WORK ORDER: I'd like the data below restated word for word, with the pictures left out.

>>

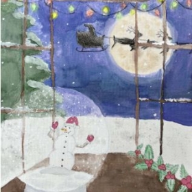 Stunning designs in the Winter Arts competition, won this year by Emily Hunter with her snowy forest season. Genevieve Giraud’s owl made second place and Florence Jones’ Santa on his sleigh was third. Congratulations all!
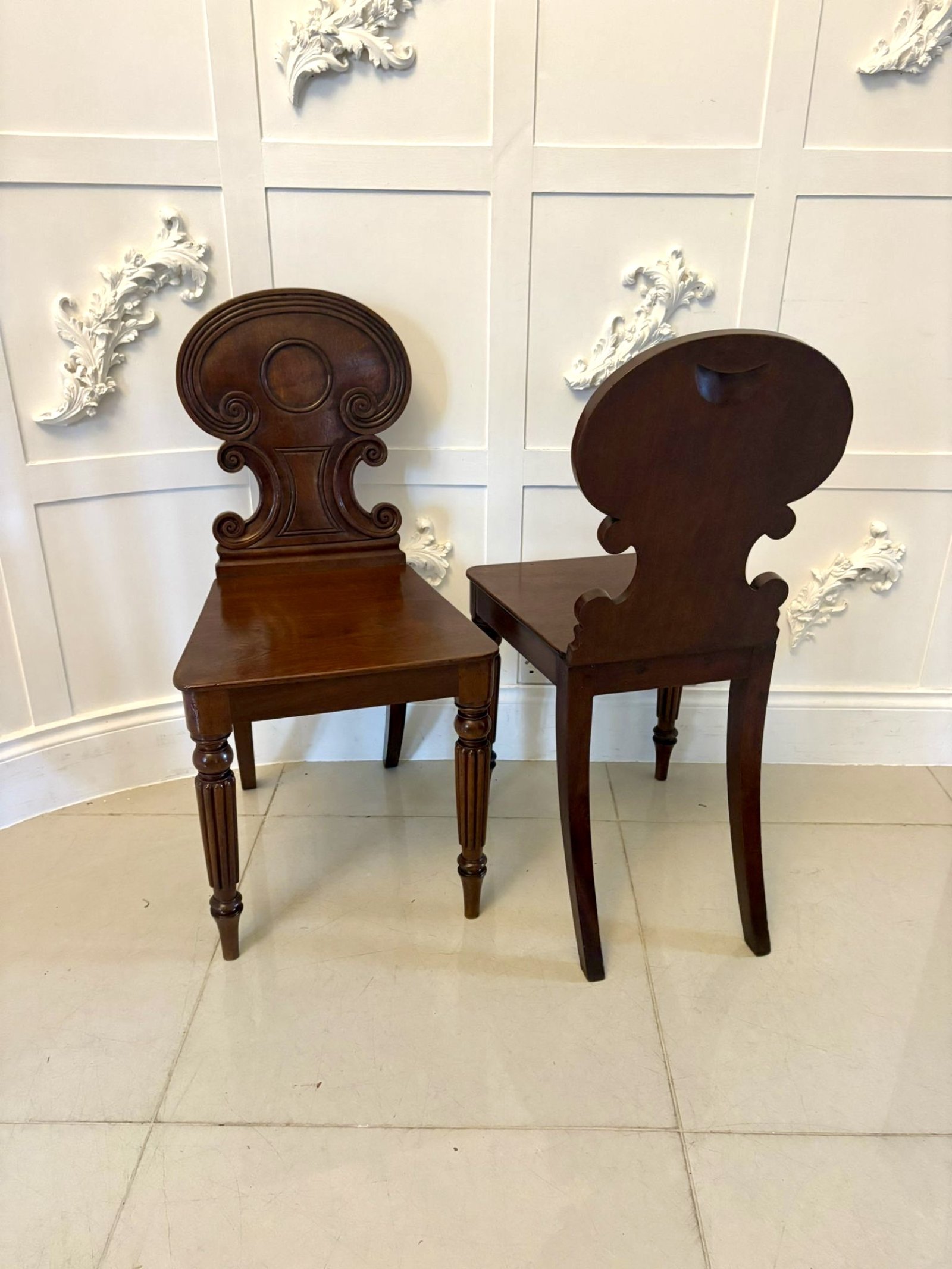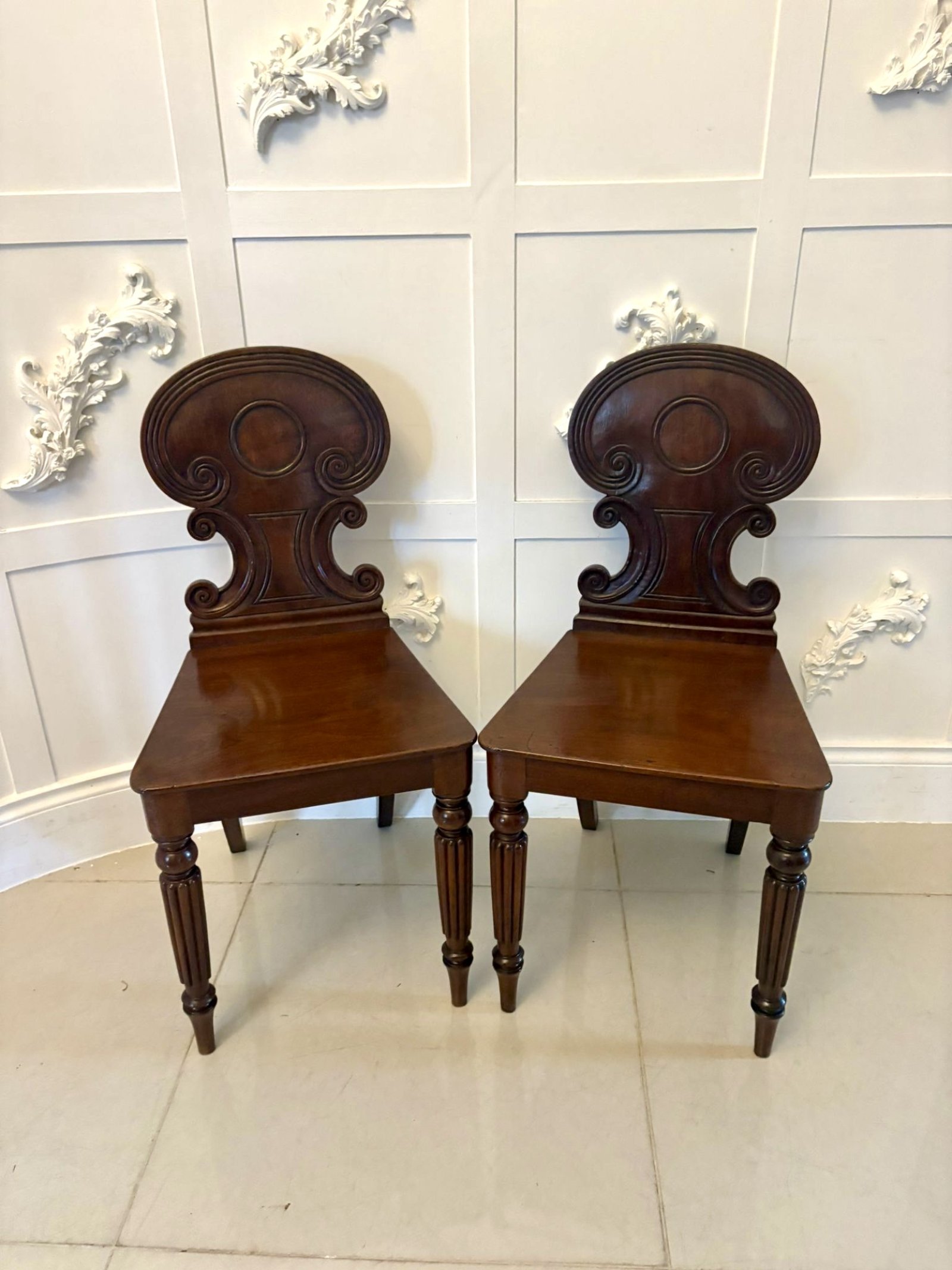 Pair of antique Regency quality carved figured mahogany hall chairs having quality carved figured mahogany shaped backs with reeded carved scrolls, solid figured mahogany seats standing on turned reeded tapering legs to the front and out swept back legs.
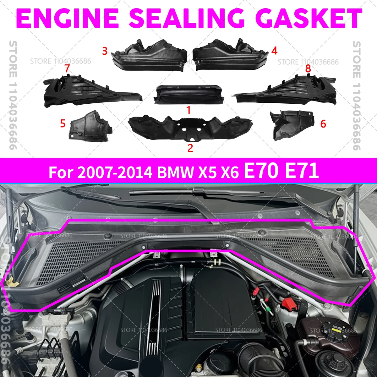 For 2007 2008 2009 2010 2011 2012 2013 2014 BMW X5 X6 35iX 50iX M E70 E71 LCI Hyb Car Engine Upper Compartment Partition Panel
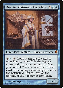With the Commander format on the rise, people were starting to pick up on which commanders were better than others. One that came up often was the powerful Arcum Dagsson from Coldsnap, as it enabled you to cheat out powerful game breaking artifacts cheaply. When players saw Muzzio, there was a fear that he might enable the same sort of shenanigans and might end up being a problem himself. As it turns out, Muzzio plays pretty underwhelmingly, and while he is neat, he's still very much on the lower end of this list because, well, there's just better options and was long before his printing.
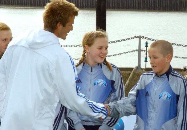 Ai mà ngờ được, hai cô, cậu bé được Beckham khoác vai đó tương lai sẽ trở thành vợ chồng.
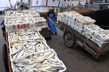 在浙江臺州海門港漁業(yè)市場碼頭,一車車鮮魚將被送往市場銷售。郟策
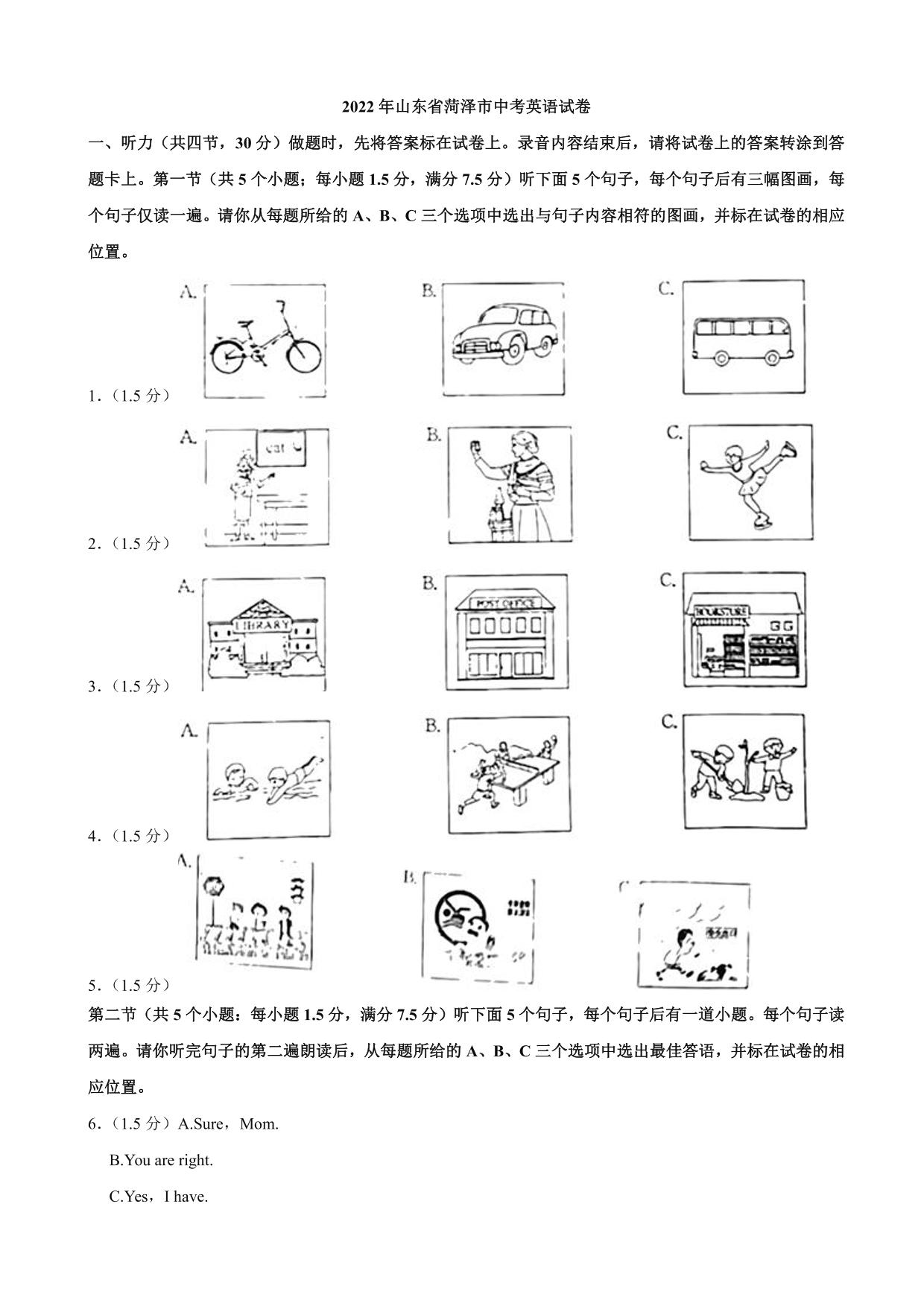 2022年山东省菏泽市中考英语真题【无听力音频】

<<

ANSWER SECTION:
 Stunning designs in the Winter Arts competition, won this year by Emily Hunter with her snowy forest season. Genevieve Giraud’s owl made second place and Florence Jones’ Santa on his sleigh was third. Congratulations all!
 Pair of antique Regency quality carved figured mahogany hall chairs having quality carved figured mahogany shaped backs with reeded carved scrolls, solid figured mahogany seats standing on turned reeded tapering legs to the front and out swept back legs.
 For 2007 2008 2009 2010 2011 2012 2013 2014 BMW X5 X6 35iX 50iX M E70 E71 LCI Hyb Car Engine Upper Compartment Partition Panel
With the Commander format on the rise, people were starting to pick up on which commanders were better than others. One that came up often was the powerful Arcum Dagsson from Coldsnap, as it enabled you to cheat out powerful game breaking artifacts cheaply. When players saw Muzzio, there was a fear that he might enable the same sort of shenanigans and might end up being a problem himself. As it turns out, Muzzio plays pretty underwhelmingly, and while he is neat, he's still very much on the lower end of this list because, well, there's just better options and was long before his printing.
 Ai mà ngờ được, hai cô, cậu bé được Beckham khoác vai đó tương lai sẽ trở thành vợ chồng.
 在浙江臺州海門港漁業(yè)市場碼頭,一車車鮮魚將被送往市場銷售。郟策
 2022年山东省菏泽市中考英语真题【无听力音频】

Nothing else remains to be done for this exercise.